• **What you have to do**:
Your reply should consist only of the lines from the one holding "แฟลชไดรฟ์ USB 2TB" to the last line of the data below, written out exactly and without pictures.

[Dataset entries]
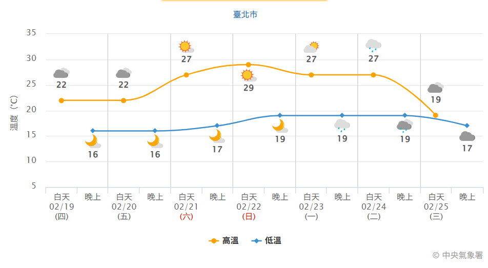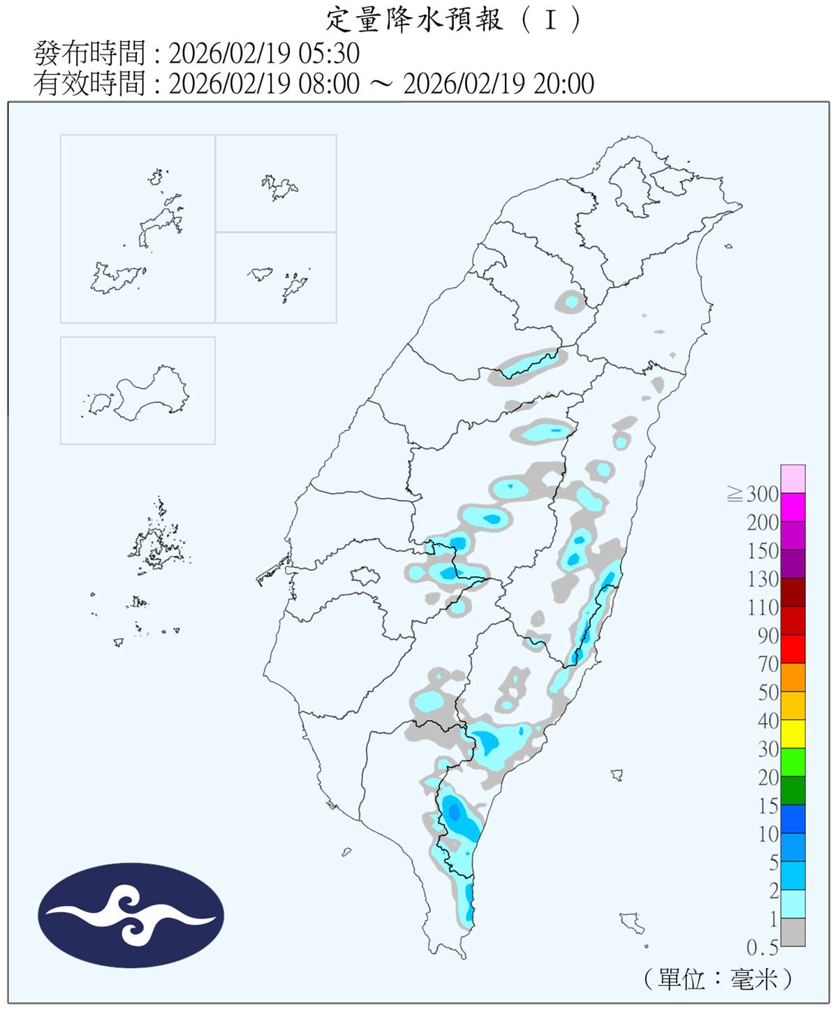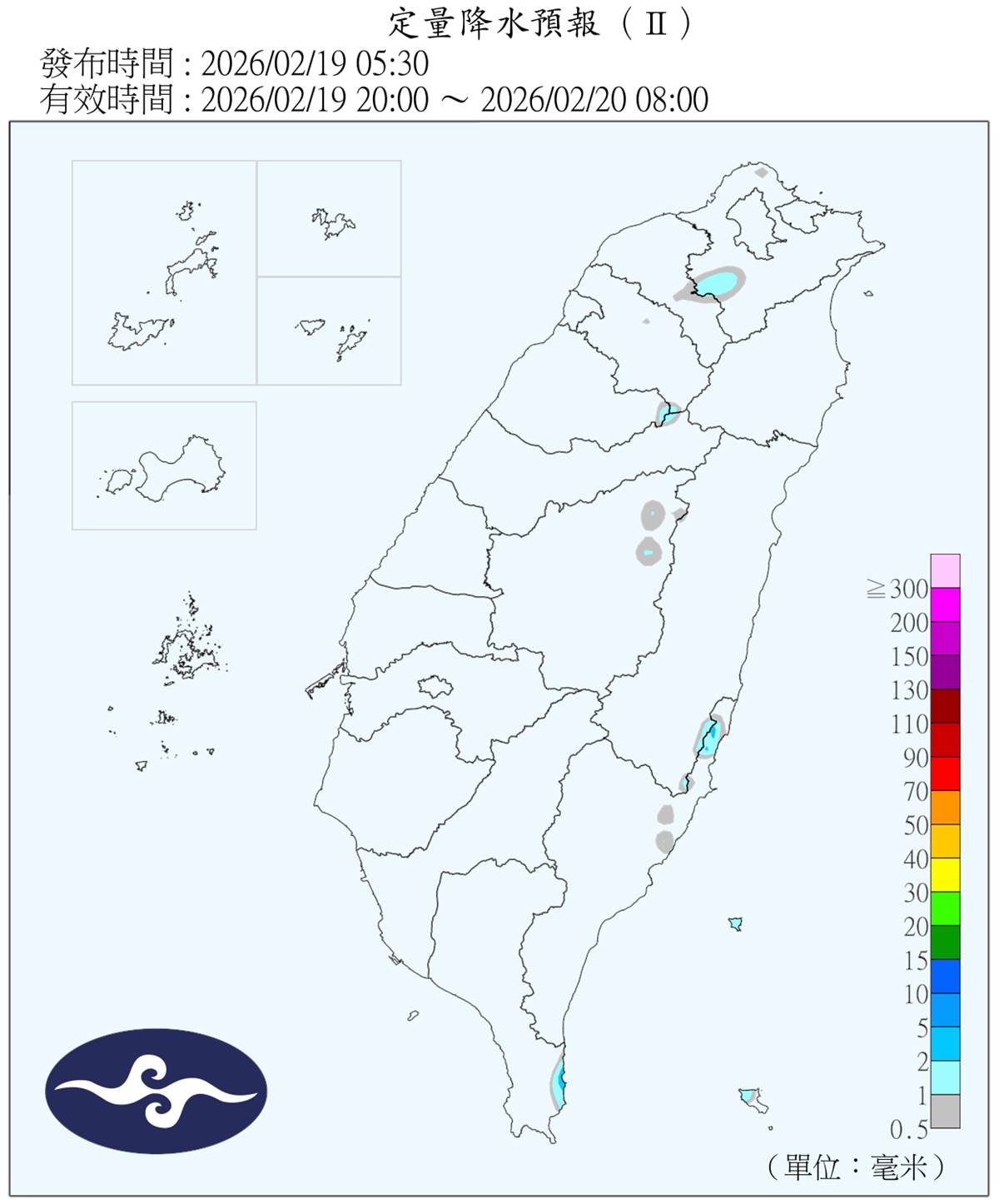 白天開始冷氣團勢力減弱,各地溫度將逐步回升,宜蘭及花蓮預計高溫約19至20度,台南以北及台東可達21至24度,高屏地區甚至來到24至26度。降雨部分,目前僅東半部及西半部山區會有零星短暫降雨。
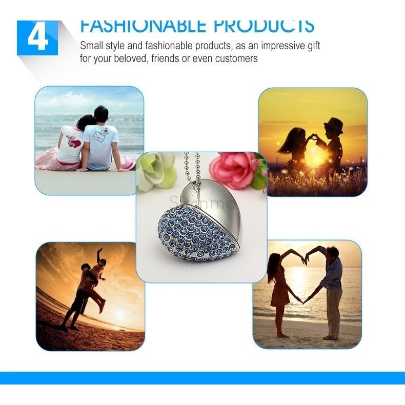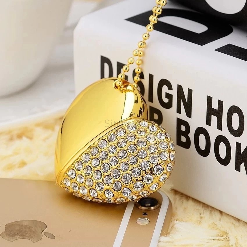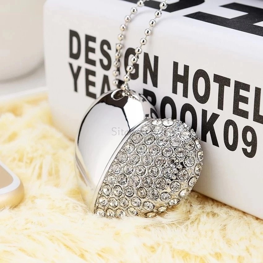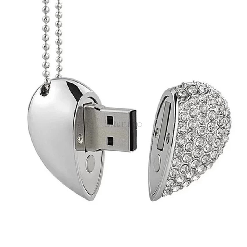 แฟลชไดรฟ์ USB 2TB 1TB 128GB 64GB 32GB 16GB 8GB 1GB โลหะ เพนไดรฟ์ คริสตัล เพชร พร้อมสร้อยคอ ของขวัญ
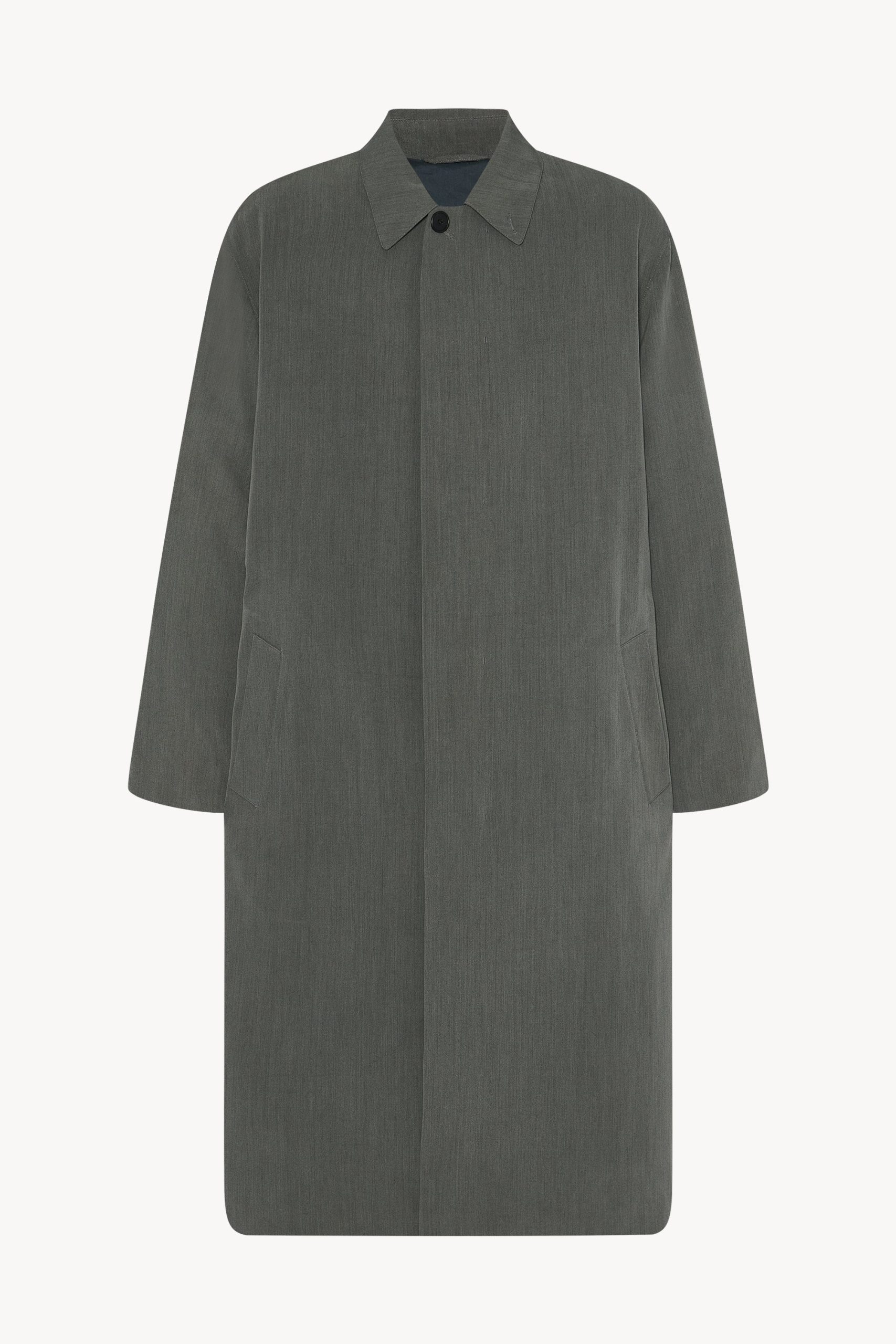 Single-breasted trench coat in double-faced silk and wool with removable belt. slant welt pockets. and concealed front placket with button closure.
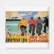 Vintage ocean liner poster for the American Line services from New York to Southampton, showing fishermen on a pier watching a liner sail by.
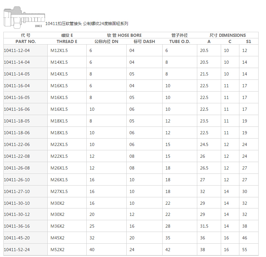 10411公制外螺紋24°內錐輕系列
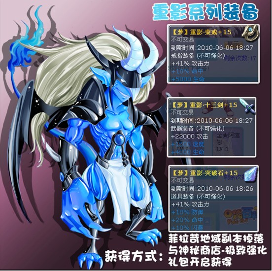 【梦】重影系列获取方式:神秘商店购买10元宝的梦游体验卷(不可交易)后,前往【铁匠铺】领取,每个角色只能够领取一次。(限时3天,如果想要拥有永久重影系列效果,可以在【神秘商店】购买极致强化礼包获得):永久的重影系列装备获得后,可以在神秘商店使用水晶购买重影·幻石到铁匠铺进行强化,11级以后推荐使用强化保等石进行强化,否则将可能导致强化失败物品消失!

• **Answer to this problem**:
 แฟลชไดรฟ์ USB 2TB 1TB 128GB 64GB 32GB 16GB 8GB 1GB โลหะ เพนไดรฟ์ คริสตัล เพชร พร้อมสร้อยคอ ของขวัญ
 Single-breasted trench coat in double-faced silk and wool with removable belt. slant welt pockets. and concealed front placket with button closure.
 Vintage ocean liner poster for the American Line services from New York to Southampton, showing fishermen on a pier watching a liner sail by.
 10411公制外螺紋24°內錐輕系列
 【梦】重影系列获取方式:神秘商店购买10元宝的梦游体验卷(不可交易)后,前往【铁匠铺】领取,每个角色只能够领取一次。(限时3天,如果想要拥有永久重影系列效果,可以在【神秘商店】购买极致强化礼包获得):永久的重影系列装备获得后,可以在神秘商店使用水晶购买重影·幻石到铁匠铺进行强化,11级以后推荐使用强化保等石进行强化,否则将可能导致强化失败物品消失!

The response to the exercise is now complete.